### [WHAT NEEDS TO BE DONE]
Below is a listing with pictures in it; transcribe exactly the lines from the one that has "A BTech Open" through the one that has "APV 5,000 Gal.", and omit those pictures.

### [RECORDS SUPPLIED]
::::::

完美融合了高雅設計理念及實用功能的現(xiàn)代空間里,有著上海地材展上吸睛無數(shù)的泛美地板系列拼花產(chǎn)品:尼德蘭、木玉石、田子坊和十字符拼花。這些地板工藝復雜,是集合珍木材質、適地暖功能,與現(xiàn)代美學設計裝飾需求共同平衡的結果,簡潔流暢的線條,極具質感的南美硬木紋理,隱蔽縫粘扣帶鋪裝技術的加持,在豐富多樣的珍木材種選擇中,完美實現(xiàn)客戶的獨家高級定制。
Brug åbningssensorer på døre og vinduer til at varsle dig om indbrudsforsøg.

::::::

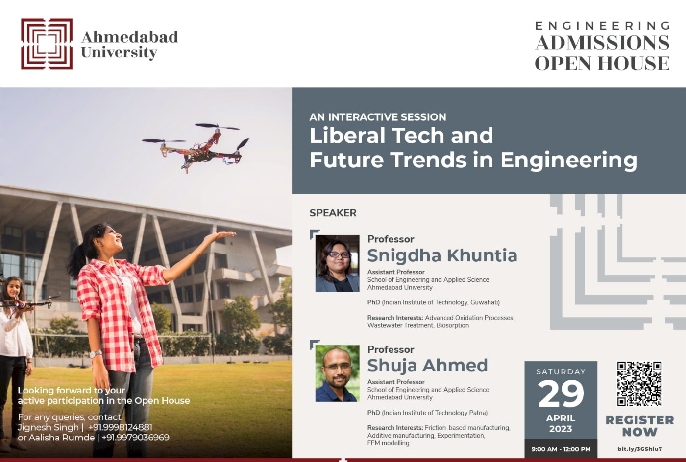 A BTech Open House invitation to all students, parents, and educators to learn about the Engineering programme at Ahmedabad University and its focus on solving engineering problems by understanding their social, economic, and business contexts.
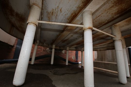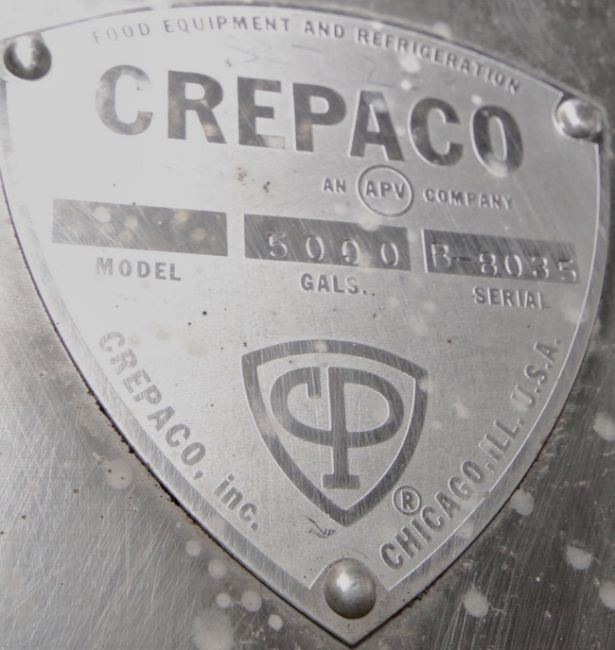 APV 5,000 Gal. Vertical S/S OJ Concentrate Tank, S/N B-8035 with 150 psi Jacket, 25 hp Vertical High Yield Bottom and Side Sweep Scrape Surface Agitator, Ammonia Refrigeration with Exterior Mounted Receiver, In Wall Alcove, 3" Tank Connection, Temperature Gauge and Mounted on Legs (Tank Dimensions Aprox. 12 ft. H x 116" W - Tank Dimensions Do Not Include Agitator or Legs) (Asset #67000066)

::::::

### [OUTPUT FOR THIS EXERCISE]
 A BTech Open House invitation to all students, parents, and educators to learn about the Engineering programme at Ahmedabad University and its focus on solving engineering problems by understanding their social, economic, and business contexts.
 APV 5,000 Gal. Vertical S/S OJ Concentrate Tank, S/N B-8035 with 150 psi Jacket, 25 hp Vertical High Yield Bottom and Side Sweep Scrape Surface Agitator, Ammonia Refrigeration with Exterior Mounted Receiver, In Wall Alcove, 3" Tank Connection, Temperature Gauge and Mounted on Legs (Tank Dimensions Aprox. 12 ft. H x 116" W - Tank Dimensions Do Not Include Agitator or Legs) (Asset #67000066)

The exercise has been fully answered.